HH: ... My question is, can you compare it to anyplace that would be in the frame of reference of most of our listeners?

CH: No, it’s unique, because what’s happening under the auspices of the coalition, and it’s been happening for a while, because they got out of Saddam’s Iraq in ’91, if you’ll remember, when we put the no-fly zone protective umbrella over Kurdistan. They had a 12 year start on everyone else, and they didn’t have to live with the terrible combination of sanctions plus Saddam that we allowed to go on for far too long for the rest of the country. And of course, they’re ethnically different. They’re not Arabs. They don’t speak Arabic. They’re not Turks, they’re not Persians. They’re a unique national group. They’re the largest national group, actually, in the world who don’t have a state of their own. There are about 24 million of them. They live in the rather unpromising neighborhood where Turkey, Iran, Syria and Iraq meet. It’s not the place you would want to pitch your tent, perhaps, if you wanted a state of their own, but that’s where they’ve lived for thousands of years. So what’s happening is a new nation is being born. They’re not going to proclaim independence, but it looks and feels much more like an autonomous country, if not yet a state, when you’re there.
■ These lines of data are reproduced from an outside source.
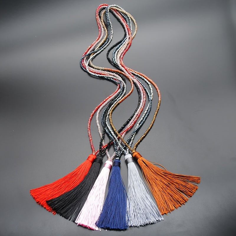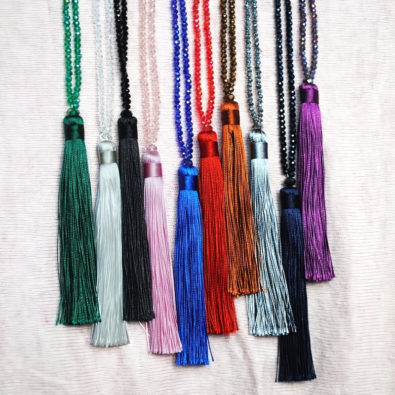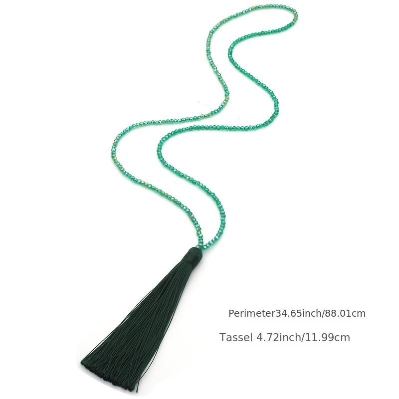 Elevate your style with this stunning multicolor crystal beaded necklace featuring a tassel pendant on a long sweater chain. Perfect for adding a pop of color and elegance to your outfit.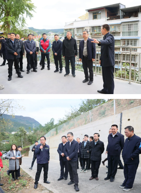 沈伟志一行先后前往剑阁县普安镇滑坡应急处置点,广元经开区西城中学崩塌应急处置点、石龙二组滑坡应急处置点,四川省区域应急救援广元基地就滑坡治理、高位崩塌、地质灾害应急处置救援队伍建设等情况展开深入调研。
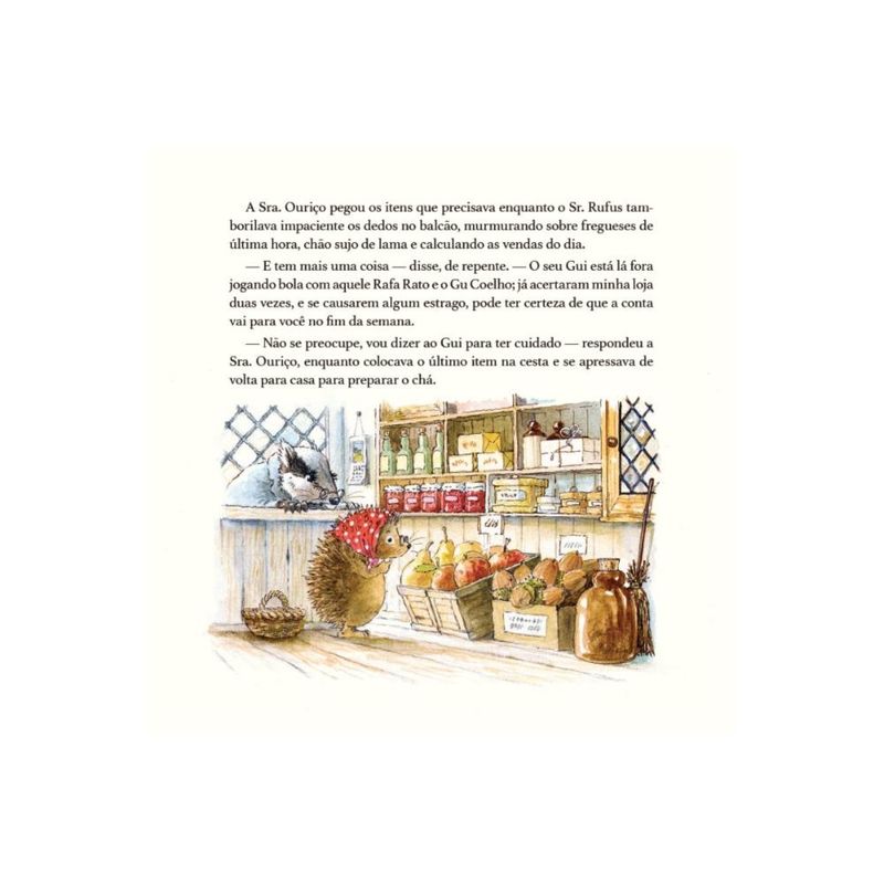 Escondida no coração do campo, a vila de Foxwood é um lugar mágico, onde pequenos aventureiros vivem grandes histórias. Mas quando a loja do Sr. Rufus é assaltada, Gui Ouriço, Rafa Rato e Gu Coelho unem forças para desvendar o mistério. Será que conseguirão desmascarar os ladrões? Explore os caminhos do campo, observe as árvores frondosas, ouça os sons da floresta e encontre os animaizinhos que vivem por lá. Talvez você receba um convite para se sentar ao redor de uma fogueira aconchegante e se encantar com as maravilhosas Histórias de Foxwood. Roubo em Foxwood é a primeira de oito aventuras encantadoras dos inseparáveis amigos Gui Ouriço, Rafa Rato e Gu Coelho. Nesta história, as crianças serão apresentadas lições sobre obediência, respeito, responsabilidade, amizade e cuidado uns com os outros. SUGESTÃO DE IDADE PARA LEITURA: - Leitura compartilhada: crianças de 3 a 5 anos. - Leitura independente: a partir de 6 anos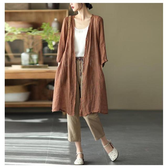 カーディガン レディース UVカット チャコール ロング 薄手 リネン ロング丈 羽織り 夏 カーディガン ガウン 涼しい コットン サマー 七分袖 秋 リネン混 トップス 紫外線対策 冷房対策 ゆったり 大きいサイズ 体型カバー おしゃれ ナチュラル 春 夏 シアー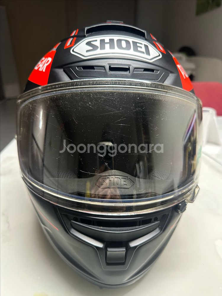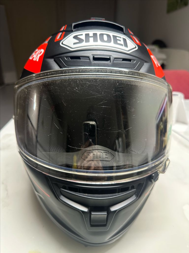 SHOEI X-14 마르케즈 무광블랙 tc1 헬멧입니다. 제 뚝배기에 부담이 큽니다. 내피세척완료하고 풀건조하고 중고구매후 1회사용했습니다. 정품 클리어쉴드+핀락 신품급 따로 있습니다. 변색쉴드 정품이고 변색 잘 됩니다. 사진상 변색쉴드 큰 기스는 바깥쪽이고. 안쪽기스는 핀락입니다. 고프로 달렸던 마운트 떼버렸고. 스티커자국이 보입니다. 내피도 사용감은 있지만 숨 죽지 않았고요. 볼패드 벗겨진거 보기싫어서 제 헬멧꺼랑 바꿔서 깨끗합니다. 사진 여러장 잘 찍었으니 확인바래요. 구성품 : 헬멧 + 순정클리어쉴드 + 파우치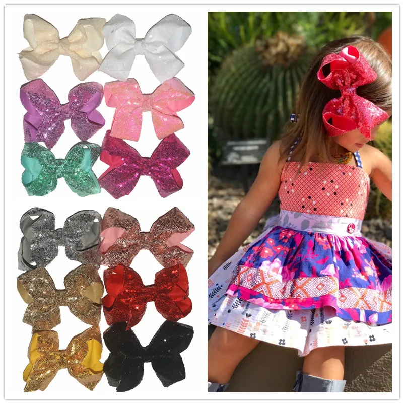 HIGH QUALITY 6 inch Sequin Glitter Ribbon Knot Bow Hair Jewelry Clips Girl Children Headwear Ornament Accessorie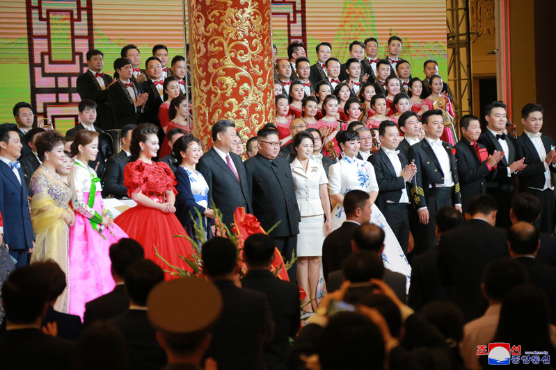 Vážený soudruh nejvyšší vůdce a jeho manželka Ri Sol Ču společně se soudruhem Si Ťin-pchingem a jeho ženou Peng Liyuan vystoupili na jeviště, aby vyjádřili poděkování za nadšení a úsilí umělců, kteří připravovali představení s celou duší, a vyfotografovali se s nimi.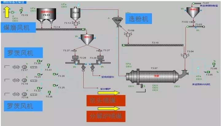• 煤磨系統(tǒng)溫度、壓力的控制。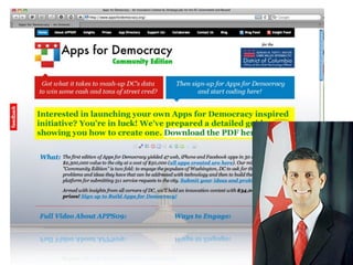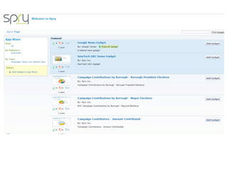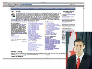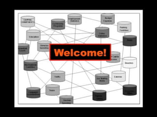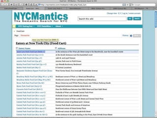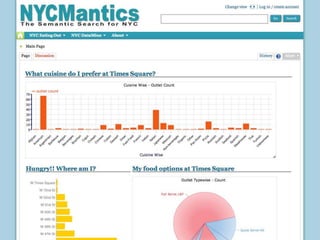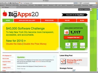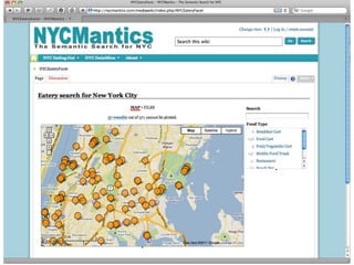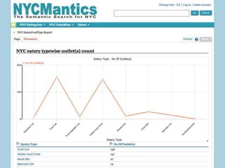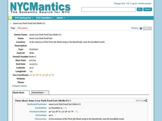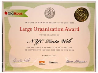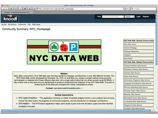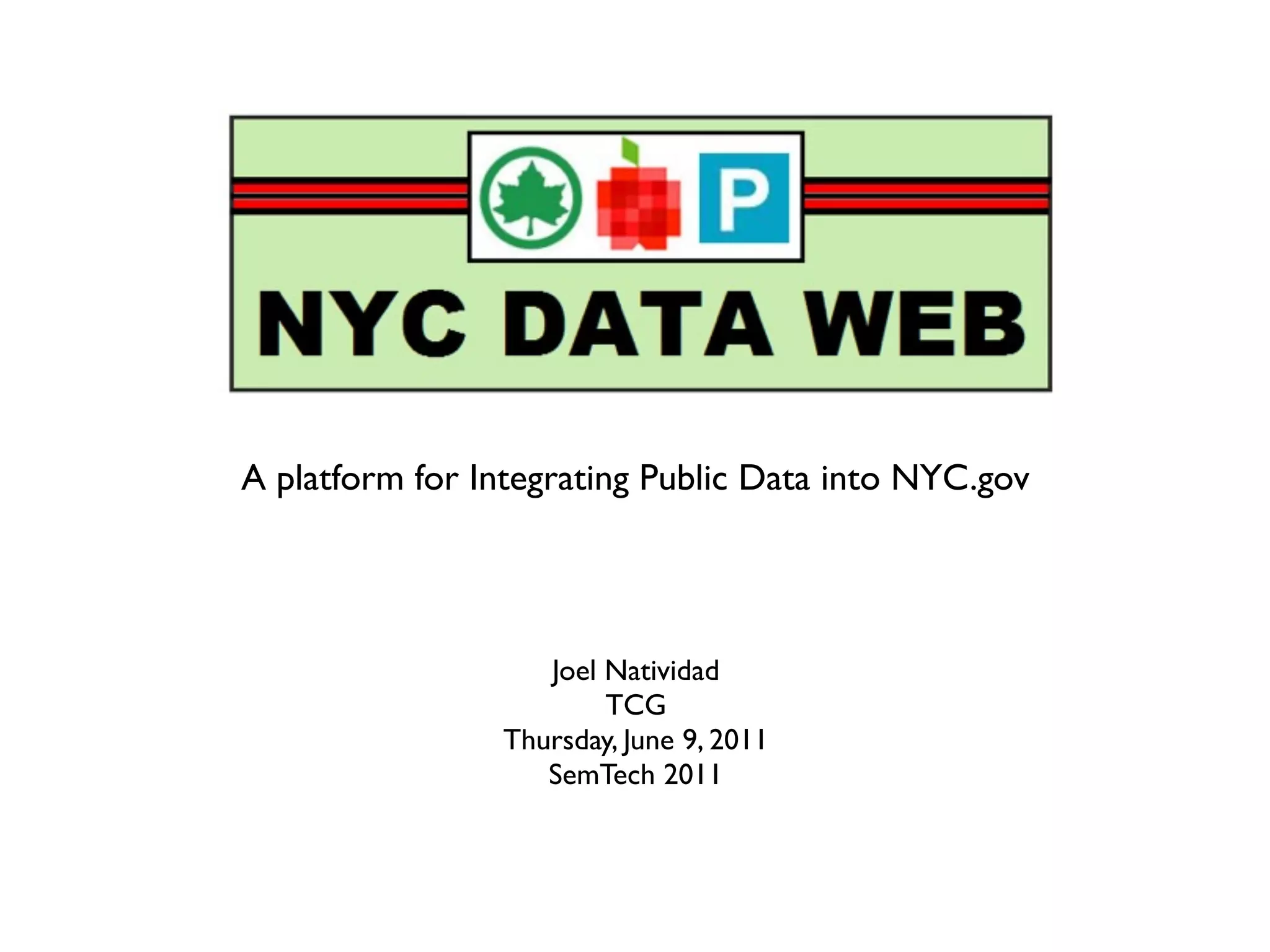 The document introduces NYC DataWeb, a platform for integrating public data into NYC.gov. It was created by TCG Software and Revelytix/Spry to make city data easier for developers, publishers and citizens to access and use. The platform hides complexity through semantic technologies and uses an ontology and query framework to provide unified access to siloed city data sources. Its goals are to stimulate app development, encourage innovation and make usable data available now.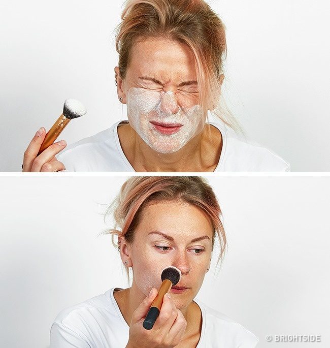Though they look the same, don’t think you can use flour instead of the loose powder. You’ll just get the flour all over your face and clothes but miss the actual effect.

HH: In your comment with them, and your conversations with them, are they optimists about the rest of Iraq?

CH: Well, no one is exactly an optimist, but I mean if you talk even to the most skeptical, hostile journalists and experts, they’ll tell you that of the few effective ministers in the Iraqi government, for example, a number, probably the greater number, are Kurdish. I mean, Hoshyar Zubari is universally admitted to be a very effective and decent foreign minister. There’s a very good minister of water resources, whose name I’ve just for the moment forgotten, Lotfi I think is his name, is also Kurdish. And of course, there’s President Jalal Talabani, who was elected by the whole of Iraq’s parliament to be the first elected president, who’s the leader of the Patriotic Union of Kurdistan. What they tell me is look, if Iraq fails, it won’t be our fault. I mean, these are people who remember, were being gassed by the Iraqi government not very long ago.

Sigh. If America cuts and runs, what will happen to the Kurds?